The lines below from the one with "Обручальные кольца на" up to and including the one with "- [ Performance" are what you should set down, exactly and without pictures.

#### DATASET EXCERPTS
:::::
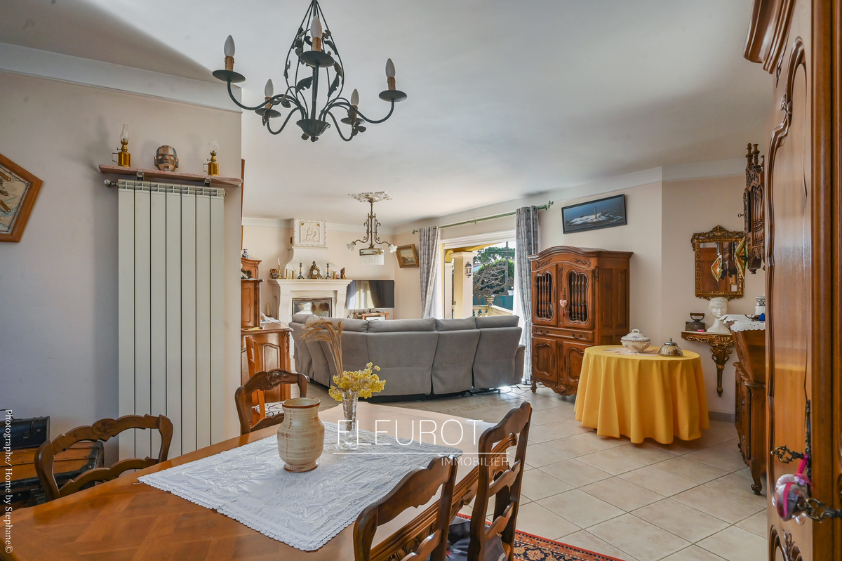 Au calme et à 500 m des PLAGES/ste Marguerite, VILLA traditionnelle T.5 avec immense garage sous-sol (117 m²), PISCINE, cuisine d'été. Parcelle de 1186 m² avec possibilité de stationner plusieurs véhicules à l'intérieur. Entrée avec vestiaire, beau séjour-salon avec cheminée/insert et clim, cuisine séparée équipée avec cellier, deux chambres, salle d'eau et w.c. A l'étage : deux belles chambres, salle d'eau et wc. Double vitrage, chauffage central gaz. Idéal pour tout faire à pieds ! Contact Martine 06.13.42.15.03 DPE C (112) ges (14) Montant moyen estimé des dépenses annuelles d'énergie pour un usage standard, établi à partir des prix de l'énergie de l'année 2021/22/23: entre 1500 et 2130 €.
:::::
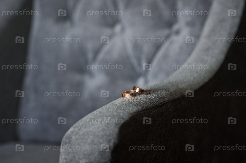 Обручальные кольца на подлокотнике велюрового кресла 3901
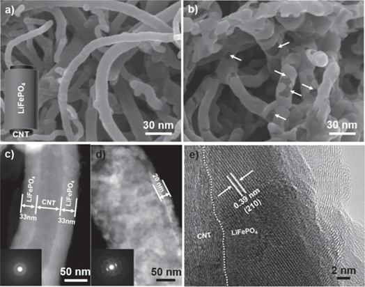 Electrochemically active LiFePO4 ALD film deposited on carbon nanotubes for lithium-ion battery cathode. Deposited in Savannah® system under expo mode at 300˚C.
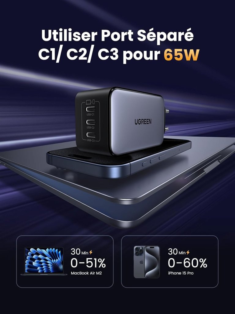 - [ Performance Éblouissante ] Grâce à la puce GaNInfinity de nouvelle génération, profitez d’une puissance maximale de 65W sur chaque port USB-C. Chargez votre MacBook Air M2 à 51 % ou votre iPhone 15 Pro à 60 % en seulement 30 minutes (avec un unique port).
:::::
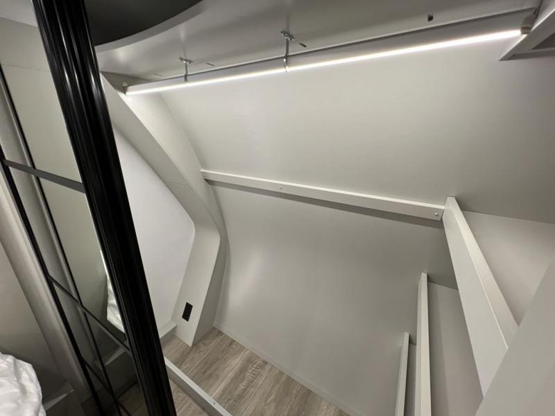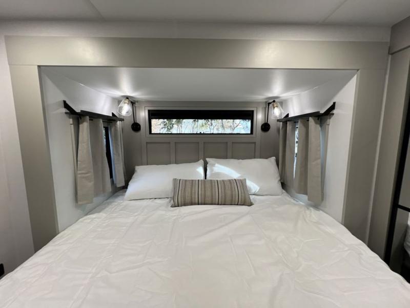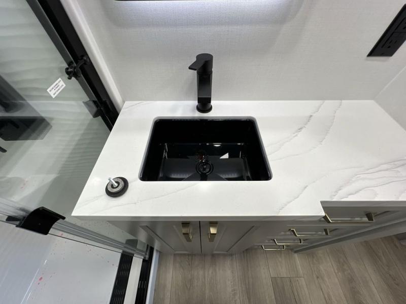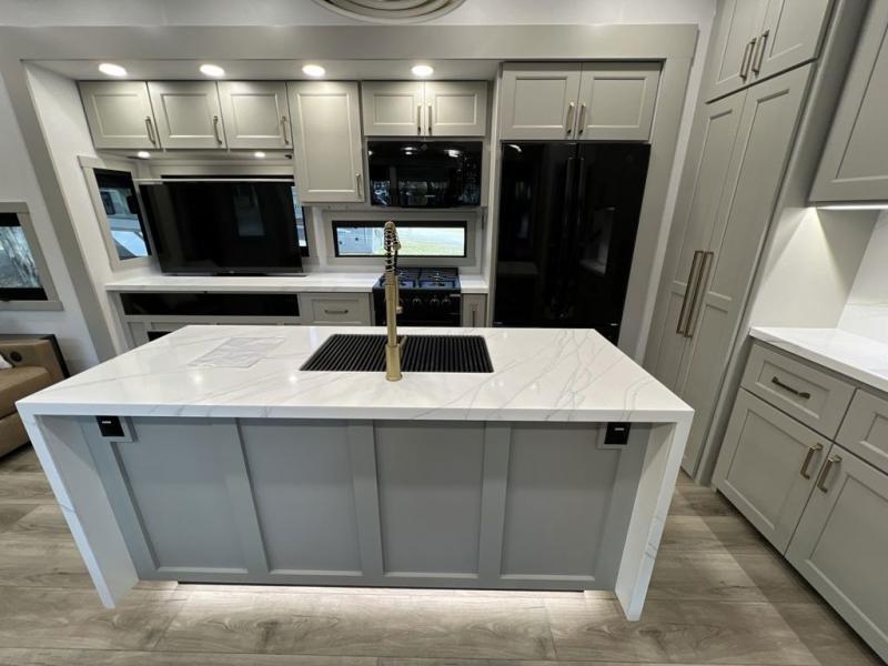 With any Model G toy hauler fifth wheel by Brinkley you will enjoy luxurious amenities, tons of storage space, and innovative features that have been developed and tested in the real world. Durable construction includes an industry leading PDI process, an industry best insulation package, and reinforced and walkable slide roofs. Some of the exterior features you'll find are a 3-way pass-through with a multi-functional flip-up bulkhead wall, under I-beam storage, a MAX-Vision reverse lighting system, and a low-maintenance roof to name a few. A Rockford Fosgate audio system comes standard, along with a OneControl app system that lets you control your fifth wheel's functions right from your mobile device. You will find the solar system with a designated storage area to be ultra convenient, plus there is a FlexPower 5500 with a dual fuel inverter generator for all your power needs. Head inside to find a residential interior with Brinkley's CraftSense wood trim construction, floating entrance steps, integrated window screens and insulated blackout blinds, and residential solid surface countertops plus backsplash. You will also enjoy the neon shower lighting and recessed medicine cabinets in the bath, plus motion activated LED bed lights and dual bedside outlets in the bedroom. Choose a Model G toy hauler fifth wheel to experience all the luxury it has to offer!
:::::
#### YOUR RESPONSE
 Обручальные кольца на подлокотнике велюрового кресла 3901
 Electrochemically active LiFePO4 ALD film deposited on carbon nanotubes for lithium-ion battery cathode. Deposited in Savannah® system under expo mode at 300˚C.
 - [ Performance Éblouissante ] Grâce à la puce GaNInfinity de nouvelle génération, profitez d’une puissance maximale de 65W sur chaque port USB-C. Chargez votre MacBook Air M2 à 51 % ou votre iPhone 15 Pro à 60 % en seulement 30 minutes (avec un unique port).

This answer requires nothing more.